Azriel et Elanora étaient assis côte à côte dans le canapé du salon et écoutaient avec attention leur fille expliquer le réel motif de sa venue. Tristan, que les quelques heures de sommeil avaient remis d'applomb, observait la scène d'un regard alerte. Un verre d'alcool à la main, il faisait des allers-retours derrière le siège qu'occupait son âme-sœur, pensif.
- Cela explique votre état, Tristan, déclara l'Alpha lorsque sa fille eut terminé. Je me demandais bien ce qui avait pu vous arriver. Mais dites-moi, que pouvez-vous nous dire sur cet homme ?
Le jeune homme interrompit ses pas et se tourna vers lui.
- Peu de choses, j'en ai peur. Il a la cinquantaine passée, à en juger par son allure, il a fait l'armée.
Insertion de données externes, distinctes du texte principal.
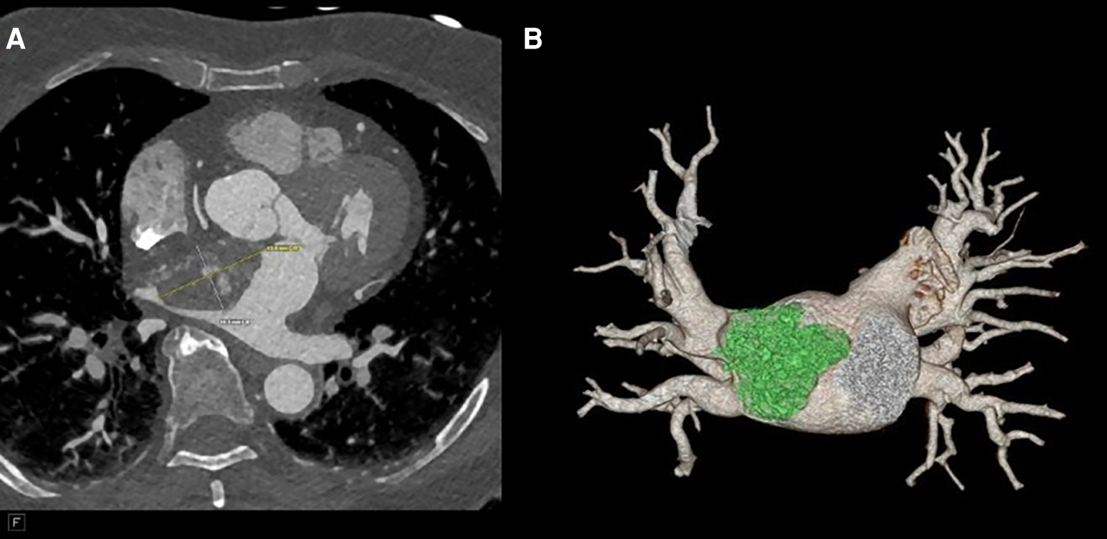 (A) CTA revealing a 41 mm × 27 mm × 33 mm broad-based lobulated mass in the left atrium that extends into the mitral annulus. (B) CTA reconstruction to show the mass extending to the right upper pulmonary vein (RUPV).

Il est allemand, je crois, et semble s'intéresser de près aux loups-garous.
Il donna les informations tel quel, sans prendre la peine de les organiser. Tout pouvait être utile, pensa-t-il, même les petites intuitions. Un silence emplit la pièce, chacun réfléchissant à la situation. Tristan ressentit une culpabilité qui n'était pas la sienne, et il s'accroupit près d'Alexandra, posant une main réconfortante sur sa joue.
- Ce n'est pas ta faute, mon cœur. Tu ne peux pas t'en vouloir de l'avoir épargné.
Alexandra pressa sa joue contre la paume de Tristan. Ce simple contact de son âme-sœur regonfla son cœur.
- Il a raison, affirma la Luna, ne te blâmes pas. Cependant, cet homme reste dans la nature en possession d'une information inestimable. Que devons-nous faire, Azriel ?
L'Alpha ne semblait pas écouter. Il était perdu dans ses pensées, son regard lointain suivant le mouvement circulaire de la vodka qui tournayait dans son verre. Il se carressait la mâchoire pensivement, les sourcils froncés.
- Je ne suis pas sûr, finit-il par murmurer. Nous lancer à sa poursuite pourrait nous mener droit dans un piège. Mais ne rien faire nous exposerait à un danger encore plus grand.
Puis, il se leva, comme revenu dans le monde des vivants, et se dirigea vers la porte. Son pas était assuré, il s'était débarrasser de tous ses doutes.
- Je vais prévenir le Conseil. Cette décision ne nous revient pas. Tous les loups-garous sont concernés.